Current Research

Characterizing the function of Norrin and the molecular mechanisms underlying Norrie Disease

Norrie Disease is a rare neurodevelopmental disorder that is characterized by blindness at birth, progressive hearing loss, and cognitive impairment such as mental retardation, seizures, and behavioral disturbances. Mutations to the NDP gene, which encodes the protein Norrin, are responsible for the early onset of Norrie Disease in patients. To read more about Norrie Disease, visit norriedisease.org.

Outside of the extensively characterized roles of Norrin in the retina, where Norrin is critical for vascular development, the contribution of Norrin to brain function was not well understood. Recently, however, we uncovered a subpopulation of astrocytes in the cortex that secrete Norrin which in turn regulates neuronal function (Miller et al., 2019). Currently, we are working to understand the molecular role that Norrin plays in neuronal-astrocytic communication, at neuronal synapses, and how these findings could translate to neurodegeneration and neurodevelopmental disorders like Norrie Disease.
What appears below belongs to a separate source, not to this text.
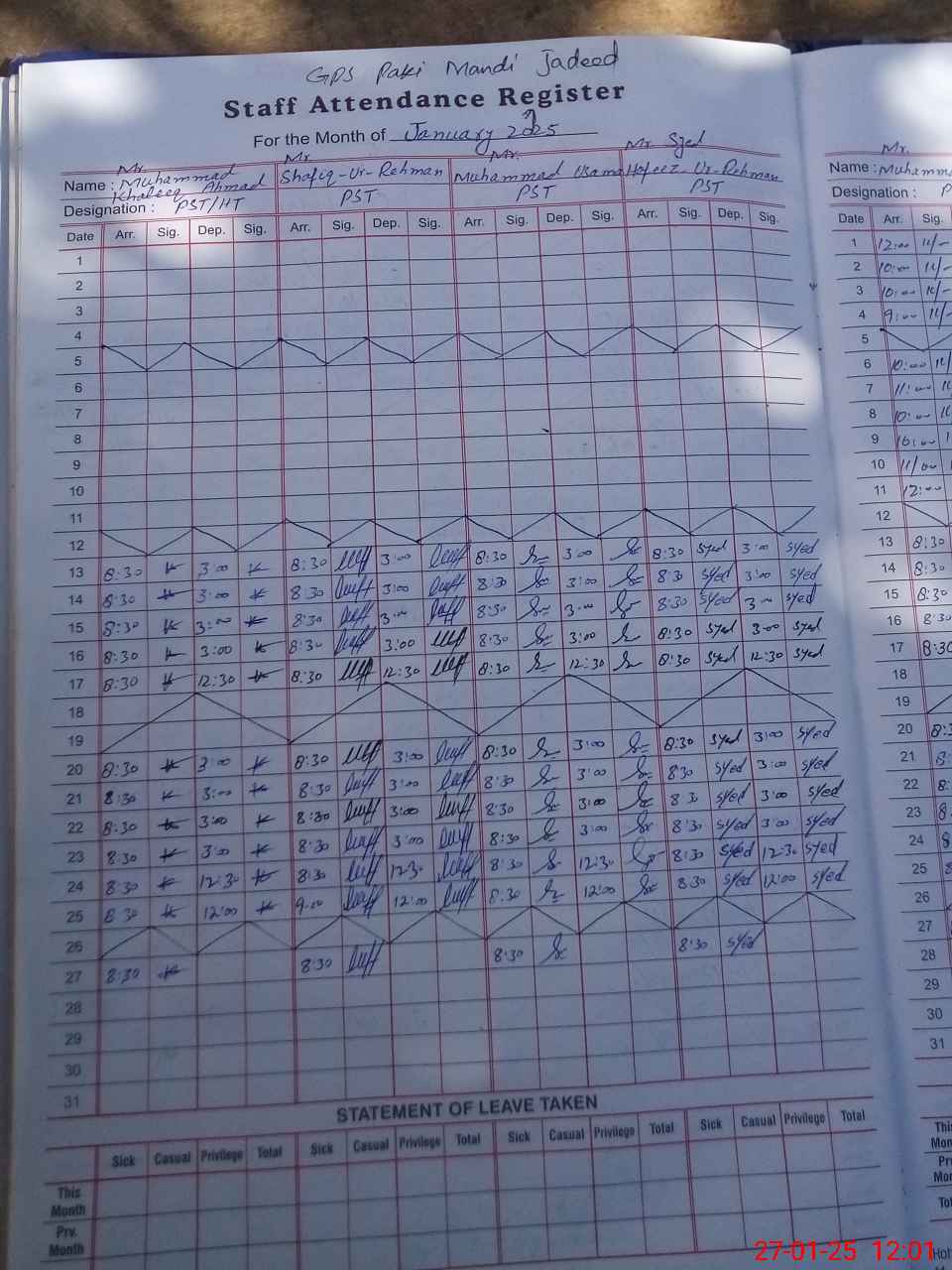 | CNIC | Full Name | Designation | R/C | Absence During Last Calender Month |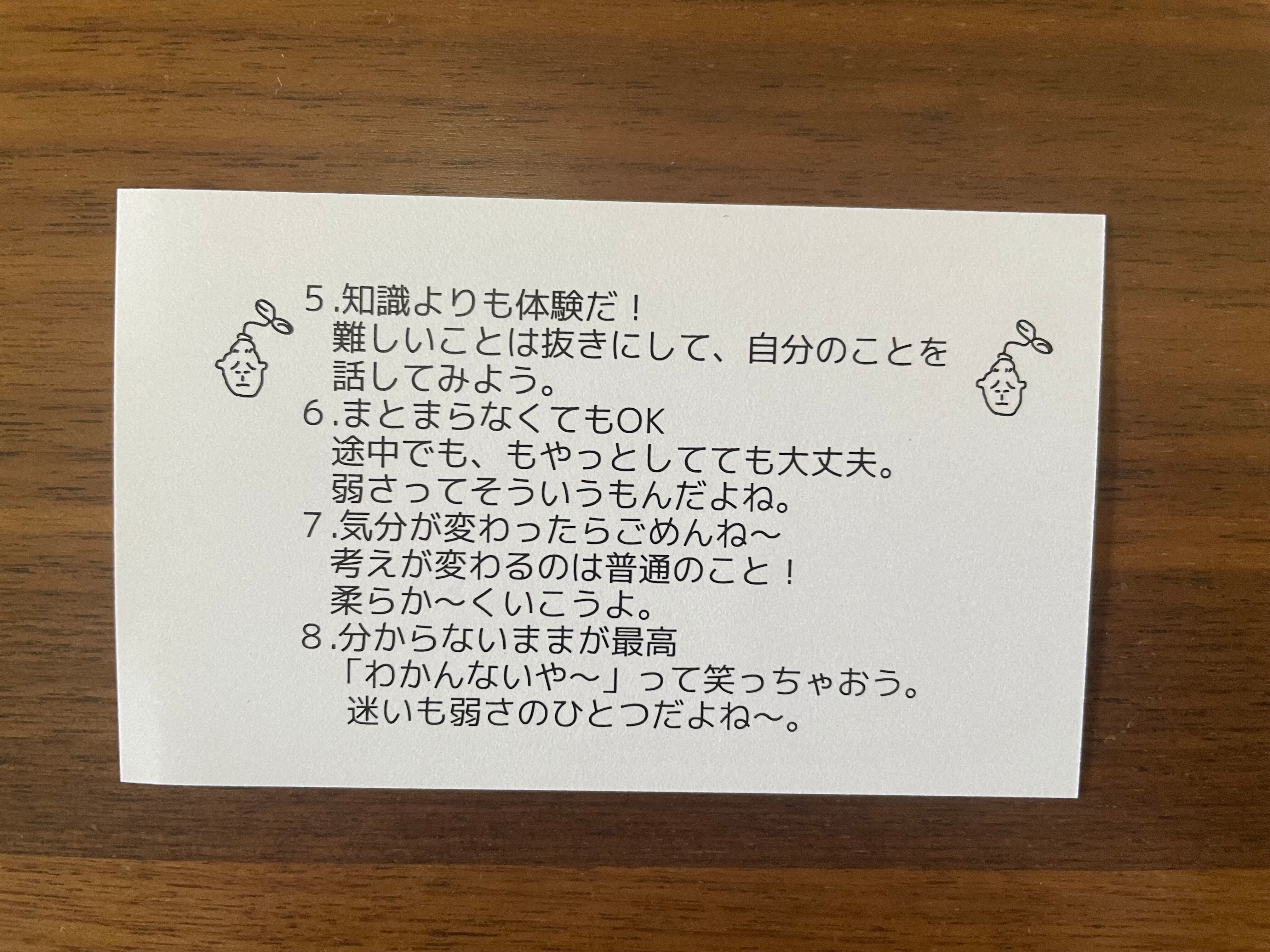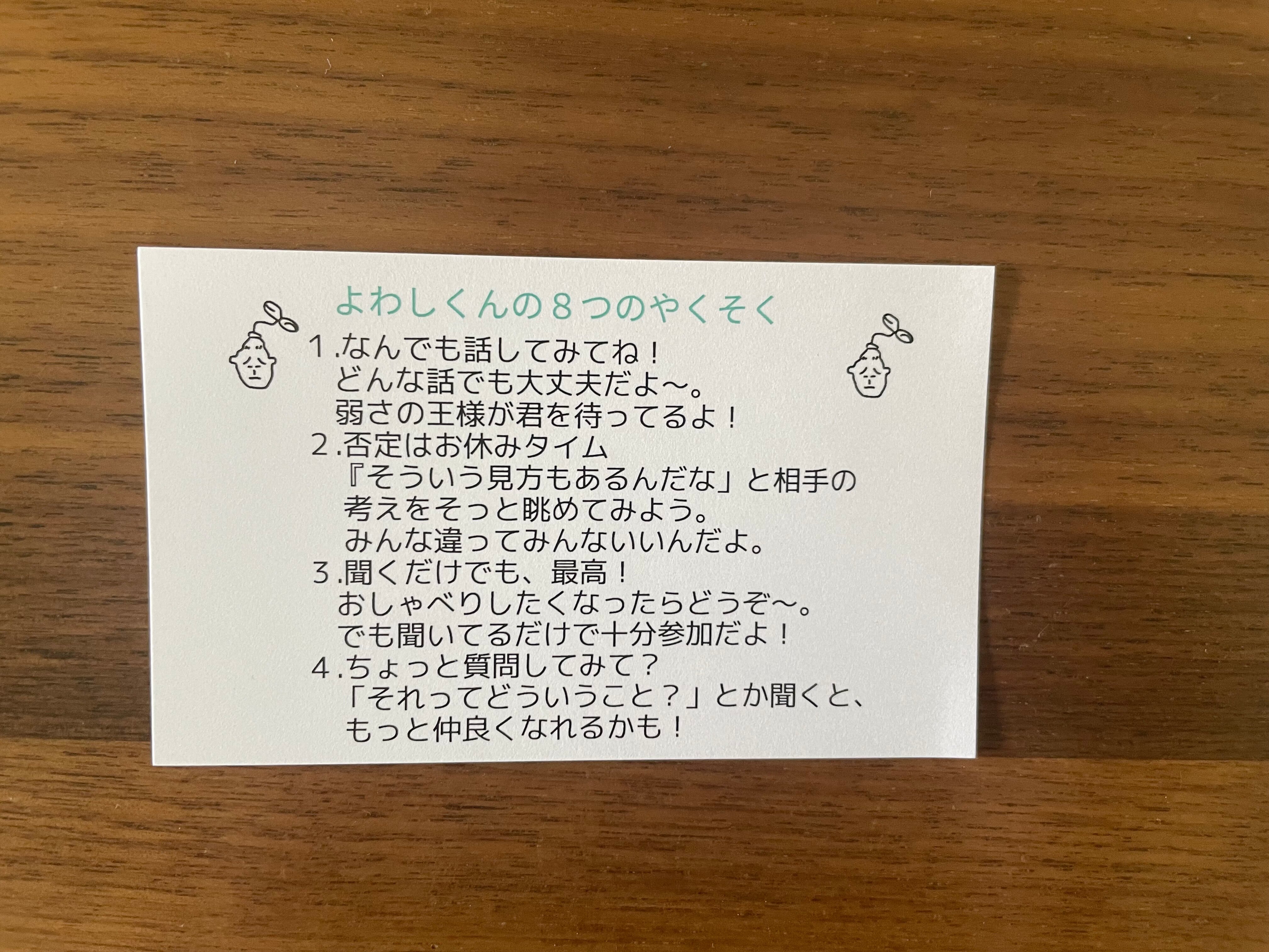 ・このカードゲームは、自分の弱さを他者に伝える「自己開示」をします。人とのつながりを深め、自分を無理なく受け入れる助けとなることを目指します。

Investigating nuclear pore complex compositional changes throughout the OPC lineage

The nuclear pore complex (NPC) is a massive structure of proteins that functions primarily as the gate between the nucleus and the cytoplasm (though various components play a role in many other cellular processes). While the general structure of the NPC is conserved across cell types, small differences in the composition, number, and spacing of a cell’s NPCs could have significant implications for the function of that cell. We are currently investigating differences in the composition and structure of NPCs as oligodendrocyte precursor cells (OPCs) differentiate and mature into oligodendrocytes.
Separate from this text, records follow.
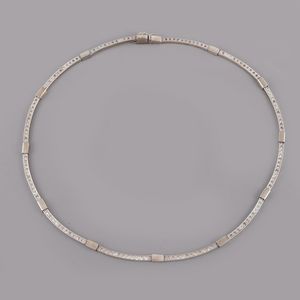 in oro bianco a elementi snodati con pietre sintetiche, gr. 23,5. Lunghezza 40 cm ca.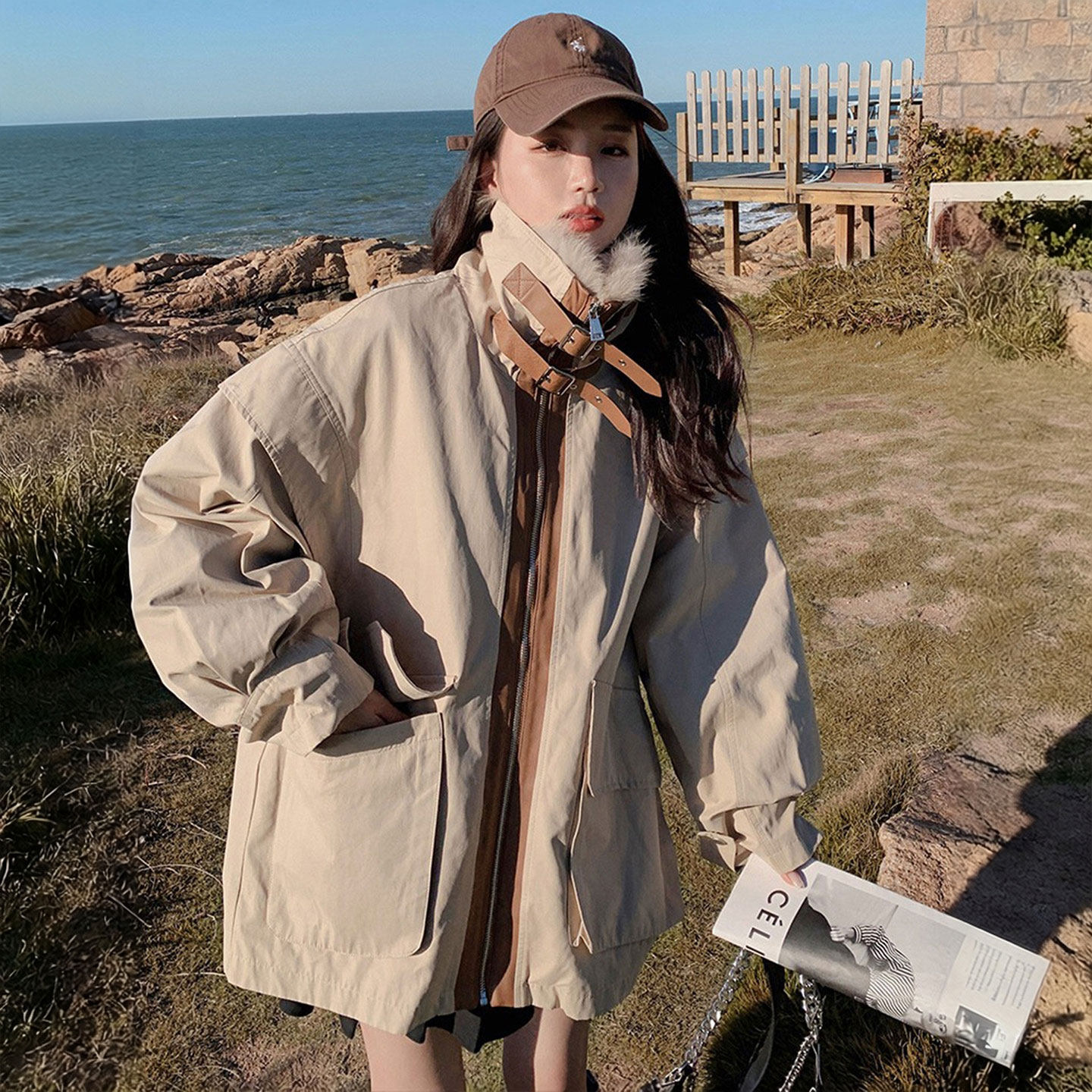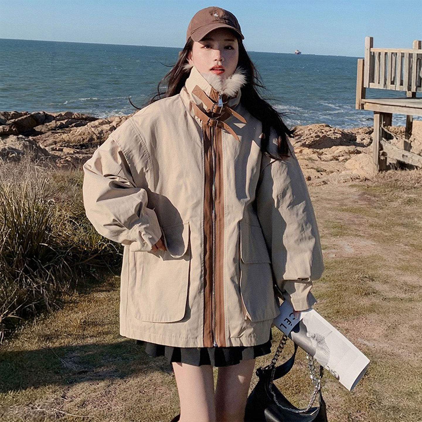 特大码女装慵懒风美式复古棉衣女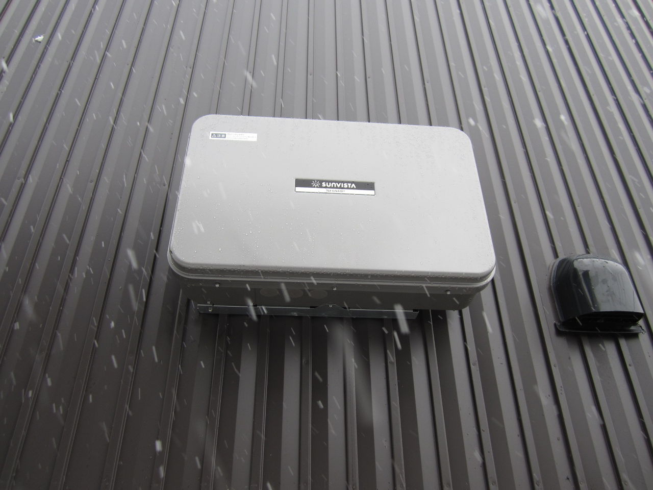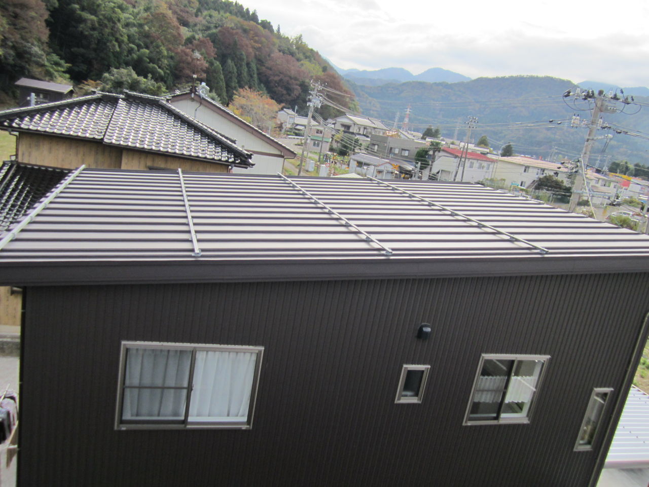 設置前の状況、片流れの金属縦葺き屋根です。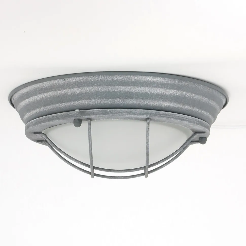Industrial Deckenlampe aus Metall und Glas in Grau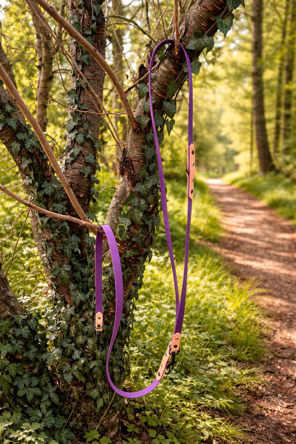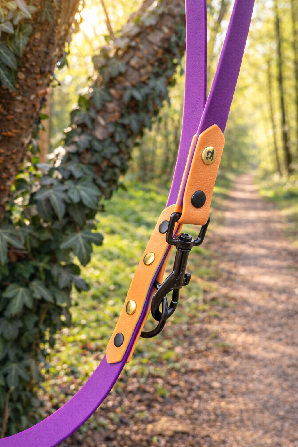 Une laisse à 3 points d’attache de 2,5 m de longueur, polyvalente, modulable et conçue pour s’adapter à plusieurs usages.

Assessing the role of Tau aggregation on nuclear pore complex structure and function

Aggregation of Tau protein into “Tau tangles” is one of the main putative drivers of Alzheimer’s Disease (AD). Recently, we have described a mechanism by which Nup98, a component of the NPC, is sequestered within Tau aggregates (Eftekharzadeh et al., 2018). Additionally, we observed that Nup98 may contribute to the initial fibrillization of Tau. We are now working to investigate whether Tau aggregation contributes to any other changes in the NPC.

Determining the molecular events that initiate ALS pathogenesis

Amyotrophic Laterals Sclerosis (ALS), otherwise known as Lou Gehrig’s Disease or Motor Neuron Disease, is a progressive and fatal neurodegenerative disease. ALS leads to the death of motor neurons, which are the cells that allow for control of one’s muscles. While a small percentage of ALS cases are caused by inherited mutations in a variety of genes, the vast majority (>85%) arise from unknown causes. These “sporadic” cases warrant our current investigation into the molecular events that drive the onset of ALS.

Our current work is focused on understanding the initiators of NPC dysfunction, as well as how these alterations contribute to other known hallmarks of ALS.